Ein starkes Statement gegen Rassismus und für Zusammenhalt hat Oberbürgermeister Dr. Thomas Spies beim Neujahrsempfang der Universitätsstadt Marburg im Erwin-Piscator-Haus gesetzt. Ein sichtbares Symbol dafür: die Bank mit der Aufschrift „Kein Platz für Rassisten“. Sie steht für Haltung, Miteinander und Zivilcourage. Viele Gäste nutzten sie für Fotos und machten damit ihre eigene Haltung öffentlich sichtbar.

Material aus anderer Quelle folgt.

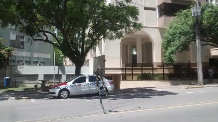 Em frente à entrada da emergência do Hospital Celso Ramos, um conjunto de fios que parece ter se desprendido da ligação entre dois postes está arrastando no chão.

Initiiert wurde das Projekt vom Stadtmarketing Marburg – allen voran Geschäftsführer Jan-Bernd Röllmann – und umgesetzt sowie gespendet vom St. Elisabeth-Verein. Koordiniert durch Pressesprecher Manfred Günther und hergestellt in der vereinseigenen offenen Werkstatt hier&holzig
, ist die Aktion ein gelungenes Beispiel für echten Gemeinschaftssinn und Zusammenarbeit in Marburg.
Auch inhaltlich setzte Oberbürgermeister Dr. Spies klare Akzente für das neue Jahr. In seiner Neujahrsansprache stellte er den Wert des Miteinanders in den Mittelpunkt und betonte, dass dieses Miteinander eines der zentralen Merkmale der Stadt sei. Trotz schwieriger finanzieller Rahmenbedingungen und anstehender Herausforderungen bleibe Marburg eine lebendige, tolerante und lebenswerte Stadt – ohne Platz für Rechtsextremismus, Rassismus oder andere Formen der Menschenfeindlichkeit.
Begleitet wurde der Empfang von einem vielfältigen Kulturprogramm, das von klassischer Musik über Breakdance bis hin zu Gesang und Bandauftritten reichte. Rund 1.000 Gäste aus Politik, Wirtschaft, Kultur und Zivilgesellschaft waren zu Gast und feierten gemeinsam den Start in ein Jahr voller Engagement, Gemeinschaft und Zuversicht. Der Empfang bot, wie gewohnt, zahlreiche Gelegenheiten zum Austausch und Netzwerken.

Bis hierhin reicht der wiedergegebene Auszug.